The journey represents a staggering achievement for space discovery. The New Horizons craft departed earth nearly ten years ago, which means it is operating with decade-old machinery and tracing a path calculated in the earth 2000s. In addition to providing new, highly detailed images of Pluto, scientists hope to the fly-by will settle the debate on Pluto’s size, confirming it as the largest object in the Kuiper Belt.

The moment of closest approach took place at 7:49 am this morning, when the craft whizzed by the icy planet at about 31,000 miles per hour, offering a very brief window for data collection. It takes four and half hours for this data to reach earth and several more for NASA’s 200 foot-wide satellites to receive the full transmission, a rate that’s 56 times slower than a 56k modem from the 1990s. (Turns out three billion miles is a really long way.)

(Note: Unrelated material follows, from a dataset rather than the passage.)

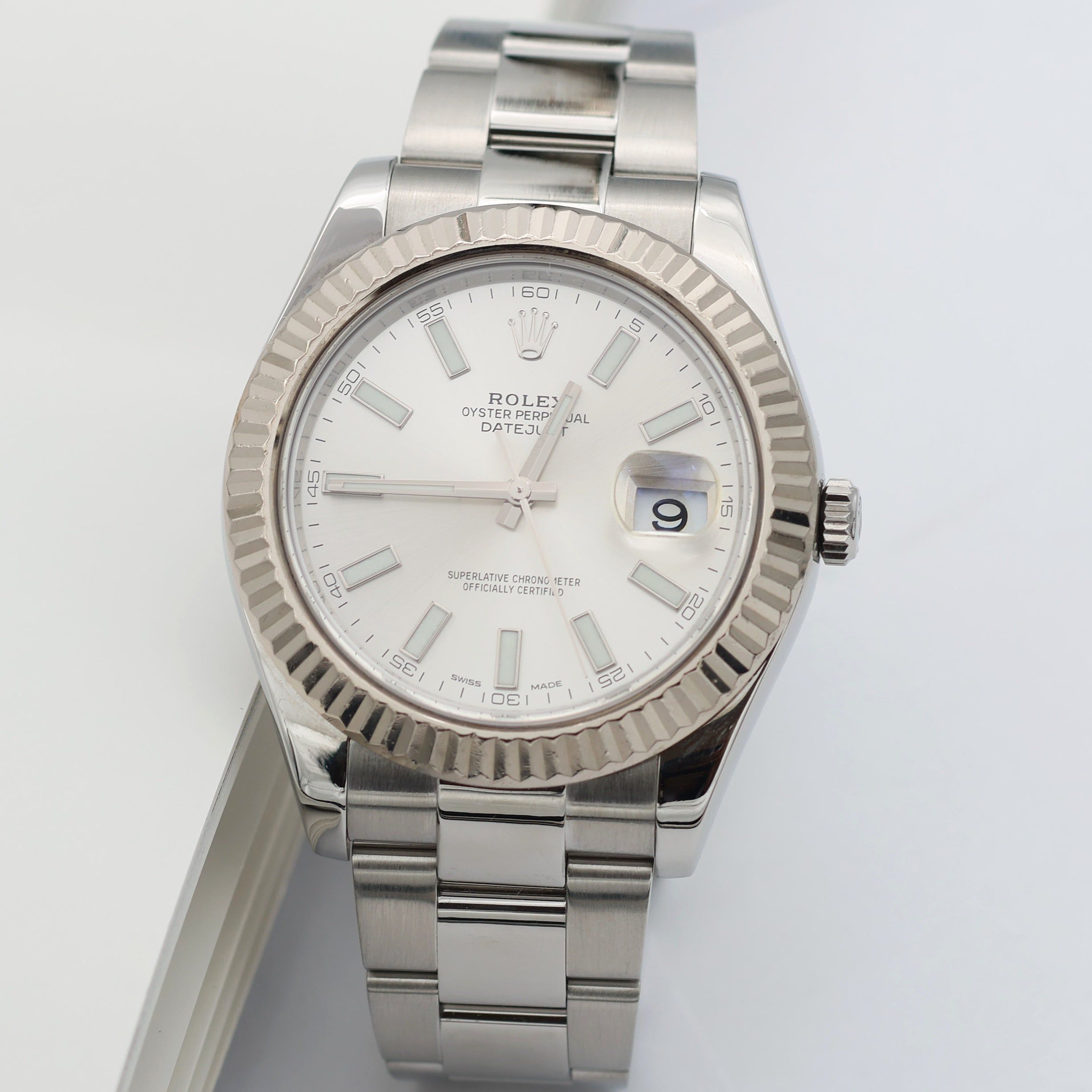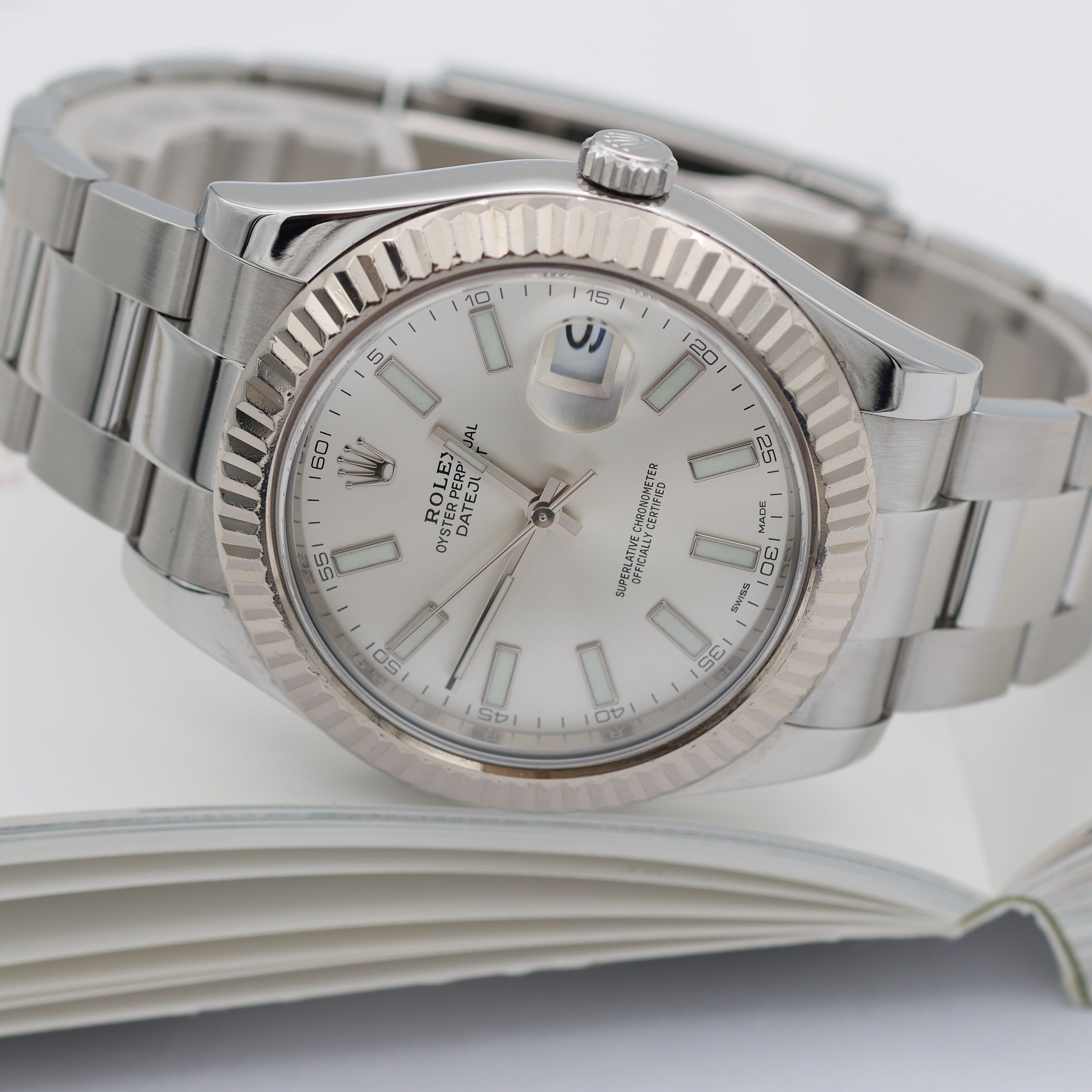 For sale at Debonar Watches: pre-owned Rolex Datejust II ref. 116334 full set, with a sunny silver dial.Released in 2009 to cater to a more modern audience, the Rolex Datejust II did not hang around in the collection for very long. By 2016, Rolex decided to discontinue the Datejust II, dropping it from the catalog in favor of the Datejust 41.Models such as the Rolex 116334 continue to be a desired watch by collectors. By far the sportiest option among all Datejust models, the Datejust II is an ideal daily Rolex for the modern man who appreciates classic design reinterpreted to suit contemporary style.The reference 116334 is the same basic design as the original Rolesor Datejust that dominated the men’s luxury watch market for several decades. However, the reference 116334 reflects all of the changes that would have occurred to the regular Datejust line: this Rolex reflects all of the stylistic cues and requests of modern times. BRAND ROLEX MODEL DATEJUST II REFERENCE 116334 CASE MATERIAL STEEL MOVEMENT AUTOMATIC DIMENSION 41 MM DIAL SILVER BEZEL WHITE GOLD CRYSTAL SAPPHIRE BRACELET TYPE OYSTER BRACELET MATERIAL STEEL BRACELET LENGHT 18 CM ORIGINAL BOX YES ORIGINAL PAPERS YES YEAR APPROX. END '10s CONDITION EXCELLENT

The Pluto sighting is the first new planet sighting in a generation—NASA’s last sightings of Uranus and Neptune were in the 1980s—and it’s likely to the last one for a very long time. For S. Alan Stern, the principal investigator for the mission, the next several days of unpacking data should prove “mouthwatering.”

Beyond Pluto, New Horizons will continue to pass beyond the fringes of the solar system and transmit data from deep space until about 2030 when it loses power.

After that? Well, it’ll just keep on going.